The static identifier is used to avoid cset-to-string conversion every time the procedure is called. This makes a noticeable difference, as does the use of find instead of upto -- the latter requires a string-to-cset conversion in the loop.

Ardent Icon programmers try to find a way to do it entirely with map -- both because of the challenge and because of the knowledge that map operates on all characters of its arguments in each call, avoiding loops over the characters at the source level.

Here is such a solution, based on a submission by Ken Walker:

procedure patword(s)   # Solution 2
   local numbering, orderS, orderset, patlbls
   static labels, revnum
   initial {
      labels := &lcase || &lcase
      revnum := reverse(&cset)
      }

# 1: Map each character of s into another character, such
# that the  new characters are in increasing order left
# to right (note that the map function chooses the
# rightmost character of its second argument so things
# must be reversed).

# 2: Map each of these new characters into contiguous
# letters.

   (numbering := revnum[1 : *s + 1]) |
      stop("word too long")
   orderS := map(s, reverse(s), numbering)
   rderset := string(cset(orderS))
   (patlbls := labels[1 : *orderset + 1]) |
      stop("too many characters")
   return map(orderS, orderset, patlbls)
end

Yet another all-map solution is:

procedure patword(s)   # Solution 3
   static backwards, letters

   initial {
      backwards := reverse(&ascii)
      letters := string(&lcase)
      }

   z := reverse(s)
   z := map(z,z,backwards[1:*z + 1])
   cz := cset(z)
   return reverse(map(z,cz,map(cz,cz,
     letters[1:*cz + 1])))
end

We'll leave you to figure this one out.

The concept of "good style" is more controversial in Icon than in many other programming languages. We personally prefer the first solution for clarity and the second for cleverness. Timing is more objective. Solution 2 is fastest. Here are comparative timings from processing 10,000 words from the word list from Webster's 2nd. The results are normalized to Solution 2:

Solution 1    1.15
Solution 2    1.00
Solution 3    1.51

It's worth noting that the timing is very sensitive to the method used. Solutions that use table-lookup instead of mapping typically are three to five times slower than Solution 2. Even putting the cset-to-string conversion in the body of the procedure in Solution 1 adds about 20% to its running time.

Environment Variables

The last Newsletter also asked for a procedure getenv(s) for UNIX that returns the value of the environment variable s if it's set but fails otherwise.

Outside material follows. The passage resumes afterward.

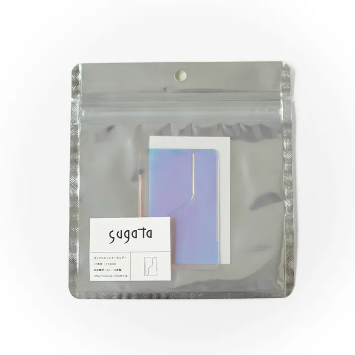 新しい収納位置 | キーケースです。わずか 1mm 厚の PVC 製で、 大きさはカードサイズよりも 一回り小さく できているため、お手持ちのカードケースや 財布、ポーチの中などに収納することができます。 かろやかな使い心地を実現する新しいツールです。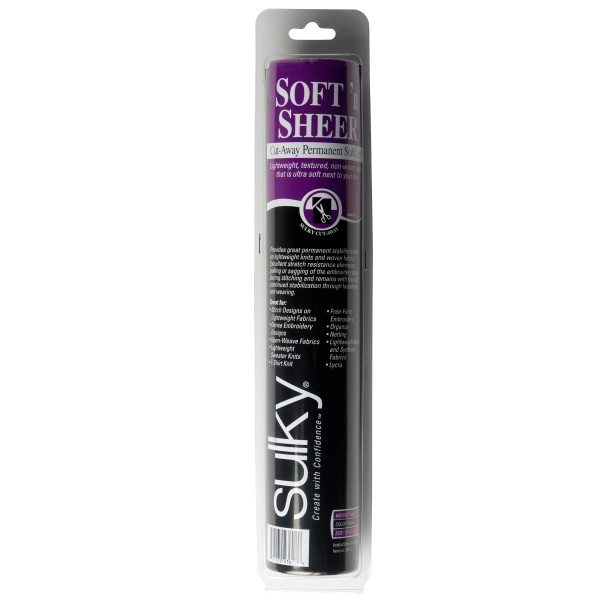 Sulky Soft n Sheer stabilizer is an acid free permanent, lightweight, textured, non-woven nylon that has excellent stretch resistance and is ultra-soft next to your skin. It provides great permanent stability to stitch on lightweight knits and woven fabrics. Excellent stretch resistance eliminates puling or sagging for the embroidery design during stitching and remains with fabric for continued stabilization through laundering and wearing. Easy removal once stitching is completed, remove from hoop and cut away the stabilizer up to the outer edge. Packaged in a re-useable clamshell storage container to keep your stabilizer fresh and usable for years. All Sulky stabilizers are acid and lead free!

The solutions we got varied somewhat, depending on the flavor of UNIX involved. The approach we liked best, used by Mike Beede and Dave Hanson, is to read in all of the environment variables the first time getenv is called. Here's a combination of their submissions for Berkeley UNIX:

procedure main()
   while s := read() do
      write(getenv(s))
end
procedure getenv(s)
   local pipe, line
   static environment

   initial {
      environment := table()
      pipe := open("printenv","pr")
      while line := read(pipe) do
         line ? environment[tab(upto('='))] :=
            (move(1),tab(0))
      close(pipe)
      }

   return \environment[s]
end

Benchmarking Icon Expressions

In the last Newsletter, we talked a little about efficient programming in Icon. There are several problems in writing efficient programs in Icon. One problem is that Icon often provides many different ways of accomplishing a task, and it's often difficult to tell which is the most efficient. Another problem is that many of Icon's features do not have any direct counterpart in the architecture of the computers on which Icon runs. You can guess how a feature like table-lookup is implemented, but you may guess wrong. Even if you know, you may be mistaken about its speed. In other cases, features may be implemented in ways that you'd not expect. Even if you are an expert on the implementation, you may be surprised by how relatively fast or slow some operations are. Even those of us who did the implementation frequently are wrong about speed.

In theory, if you knew enough about the implementation, you could come up with analytic results -- formulas, bounds, and so forth. In practice, this approach has limited usefulness because of the complexity of the problems and the sensitivity of the operations to the kinds of data on which they operate. An alter-native is an empirical approach: measurement of different kinds of expressions or small program segments. Such measurements can help answer questions, pinpoint potential problems, and suggest the most efficient approach to a particular problem.

Benchmarking expression evaluation isn't difficult. We have developed a few tools for translating expressions of interest into programs that time their evaluation in loops and report the results in a convenient format.

To see how helpful benchmarking can be, consider the subscripting of a list: a[i]. This expression is simple enough, and in a more conventional programming language you probably would have a good idea of how it's implemented. But lcon supports stack and queue access as well as positional access, so you might guess that positional access is not as simple as it appears.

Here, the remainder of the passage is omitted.